Chapter 1: The Crisis
The game that couldn't play itself
Precursors: Origins of Folklore is a spiritual successor to Creatures (1996) — a game where artificial life forms with full biochemistry, LLM-powered cognition, and genetic inheritance evolve in a procedurally generated world. It runs entirely in the browser using Phaser 3 and TypeScript.
By early March 2026, we had built every system: 48-chemical biochemistry, 50 species with genetic crossover, LLM dream consolidation, cultural memetic inheritance, parallax worlds across 6 biomes with 4 vertical tiers. The codebase was 98,000+ game objects across a 144,000-pixel-wide world.

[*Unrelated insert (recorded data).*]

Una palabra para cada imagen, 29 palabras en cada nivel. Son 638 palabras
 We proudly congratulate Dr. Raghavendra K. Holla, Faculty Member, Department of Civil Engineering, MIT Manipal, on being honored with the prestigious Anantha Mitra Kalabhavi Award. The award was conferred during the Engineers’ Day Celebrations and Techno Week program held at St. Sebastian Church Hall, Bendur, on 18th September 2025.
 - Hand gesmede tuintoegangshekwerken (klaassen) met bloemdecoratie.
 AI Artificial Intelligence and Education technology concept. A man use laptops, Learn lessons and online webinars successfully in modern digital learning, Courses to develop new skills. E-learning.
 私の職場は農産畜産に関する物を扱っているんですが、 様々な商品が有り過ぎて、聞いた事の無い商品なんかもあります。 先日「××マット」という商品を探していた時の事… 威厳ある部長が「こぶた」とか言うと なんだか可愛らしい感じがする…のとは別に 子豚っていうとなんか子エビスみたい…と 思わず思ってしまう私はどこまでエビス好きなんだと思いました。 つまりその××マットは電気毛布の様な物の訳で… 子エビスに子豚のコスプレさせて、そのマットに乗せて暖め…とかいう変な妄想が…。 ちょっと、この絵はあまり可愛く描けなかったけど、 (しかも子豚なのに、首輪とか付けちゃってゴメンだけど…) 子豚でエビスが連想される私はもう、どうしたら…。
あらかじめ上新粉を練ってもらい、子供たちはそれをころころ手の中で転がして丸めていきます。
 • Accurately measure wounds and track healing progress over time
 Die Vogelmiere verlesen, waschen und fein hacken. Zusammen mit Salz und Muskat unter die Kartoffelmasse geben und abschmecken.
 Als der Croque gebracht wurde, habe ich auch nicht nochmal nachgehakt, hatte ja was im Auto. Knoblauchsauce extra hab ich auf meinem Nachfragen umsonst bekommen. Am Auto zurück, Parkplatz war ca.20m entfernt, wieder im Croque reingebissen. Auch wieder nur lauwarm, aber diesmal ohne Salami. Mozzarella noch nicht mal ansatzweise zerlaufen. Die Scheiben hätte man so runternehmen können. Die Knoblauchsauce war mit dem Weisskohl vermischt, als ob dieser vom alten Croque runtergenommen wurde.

And it was completely unplayable.
The render loop reported FPS numbers. Our benchmarks passed. Our tests were green. But if you actually tried to play the game — select a creature, pan the camera, watch two Norns try to breed — you'd see a slideshow. Sub-1 FPS. Creatures blinked in and out of existence. The world stuttered. Breeding was mathematically impossible due to a biochemistry bug no benchmark could catch.
Our instrumentation had failed us. Not because it was broken, but because it was measuring the wrong things.
How bad was it, really?
| Metric | Before | After |
|---|---|---|
| sceneRender time | 1,688ms per frame | 0.894ms per frame |
| Game loop frequency | 0.4 Hz (once every 2.5 seconds) | 39.7 Hz |
| Creatures at spawn | 81 (regression) | 2 Norns + 3 eggs |
| Wall-time overrun ratio | 10.44× (sim at 1/10th real-time) | 1.136× |
| Time to first breed | Never (biochemistry bug) | 2.7 minutes |
The game was 1,889 times slower than it needed to be. And our benchmarks said it was fine.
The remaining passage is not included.